Но поддержали его только свои товарищи-кузнецы и кмети. Громко кричали бедняки, которые и раньше жили не богаче многих невольников, а теперь уже ясно видели голодную смерть на порогах своих убогих жилищ. Громко кричали беженцы, села и веси которых уже были разграблены ордой, и им мало хорошего приходилось ждать и от воли. Долгий голод, горе от потери родичей притупили страх, погасили волю к свободе, оставили равнодушие ко всему, кроме звериного стремления выжить.

Яростно работая острыми локтями, из толпы вылез Кошец и взобрался на телегу. Он исхудал настолько, что грязная рубаха сползала с костлявых плеч, лицо заострилось и стало похоже на волчью морду.

— Кто сытый — пусть бьется! — хрипло закричал он, потрясая кулаками. — А у меня двор пожгли, поле потоптали, жена померла, сын в закупы продался боярину, у меня ничего более нету, только живот один! Мне воли не надобно, нет у меня на воле ничего! Быть бы нам живу, людие, и все!

Велеб разгневанно спихнул Кошца с телеги, но слова его нашли отклик — очень многие из бедняков и беженцев были в таком же положении и думали так же.

— И князья, и боги забыли про нас! Не будет нам помочи! — кричали по всему торгу.

— Чуть не полгорода в скудельницы сволокли, других уж и везти некому будет!

— Лучше пусть поганые детей наших за море продадут, чем на руках у нас помрут!

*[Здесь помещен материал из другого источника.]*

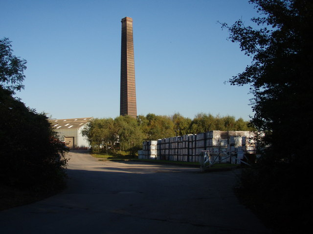 Baggeridge Brick Works (Gospel End) Sedgley 4.30 pm Friday 5th October 2007. Entrance to brickworks.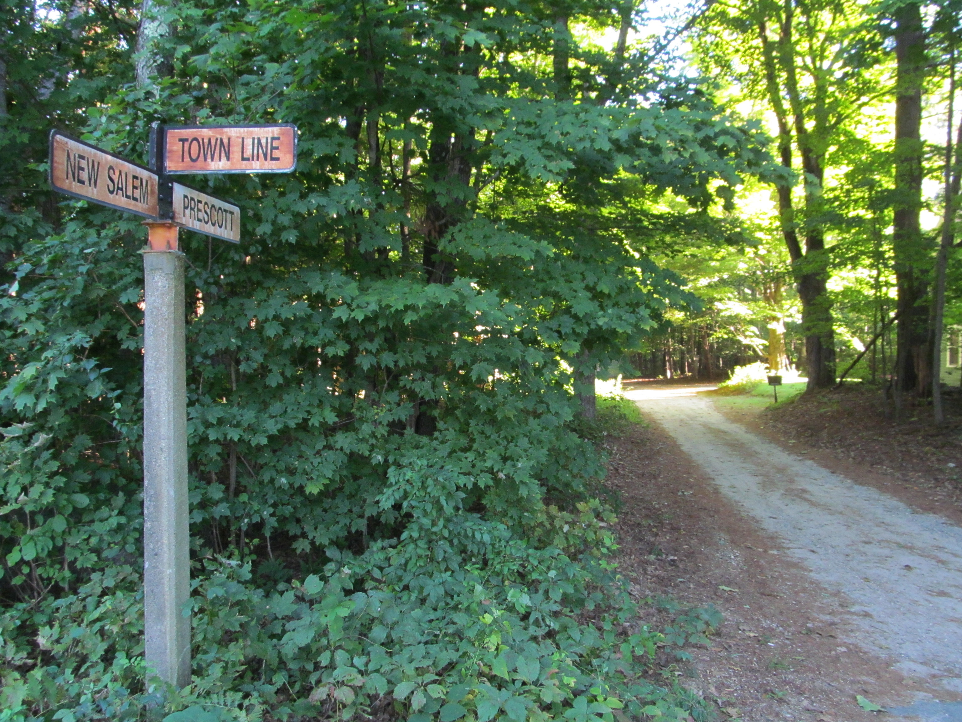 Entering Prescott Massachusetts

— Нету нам иной дороги, судьба наша такая! А судьба и за печкой найдет!

Из улицы, ведущей к детинцу, показался тысяцкий Вышеня верхом на коне. Он подоспел только теперь, когда главное уже было сказано, но, увидев его, крикуны приумолкли. Словно лодка воду, раздвигая толпу конем, Вышеня выехал на торг, поднял руку и начал речь, не дожидаясь тишины. Его громкий голос, голос воеводы, привыкшего отдавать приказы в шуме битвы, был слышен не только на площади, но и на ближних улочках Окольного города. Да разве это не была битва — битва, в которой главным врагом белгородцев была их собственная слабость?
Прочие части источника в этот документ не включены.